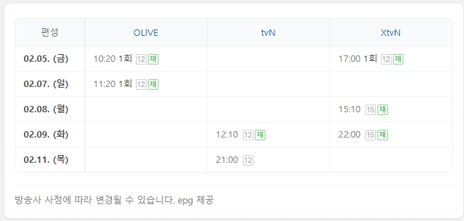 - TVN 방송편성표
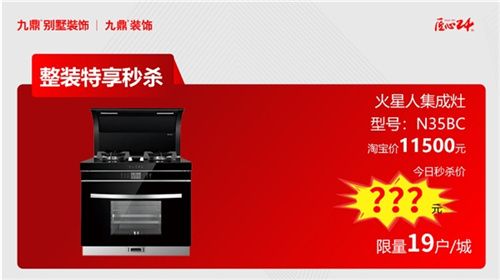 火星人集成灶,型號:N35BC,淘寶價11500元,今日秒殺價???元(限量19戶/城)
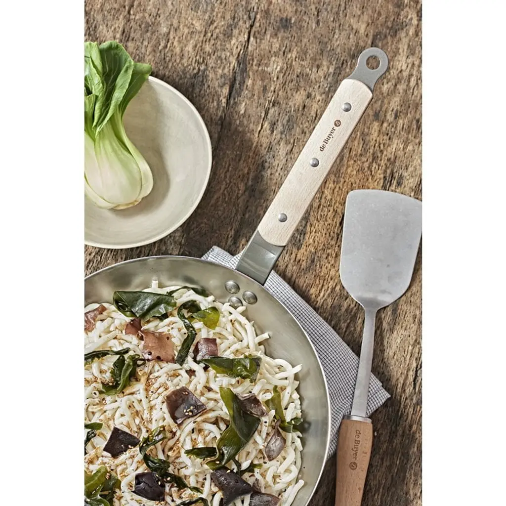 B Bois spatula by De Buyer is part of a kitchen utensil collection that combines strong stainless steel with fine beechwood. The ergonomically shaped wooden handle has a hole for hanging. B Bois kitchen utensils are finished with a natural beeswax coating.

..........

**About this exercise:** Without the pictures, repeat the listing above exactly.

**Response to this exercise:**
 - TVN 방송편성표
 火星人集成灶,型號:N35BC,淘寶價11500元,今日秒殺價???元(限量19戶/城)
 B Bois spatula by De Buyer is part of a kitchen utensil collection that combines strong stainless steel with fine beechwood. The ergonomically shaped wooden handle has a hole for hanging. B Bois kitchen utensils are finished with a natural beeswax coating.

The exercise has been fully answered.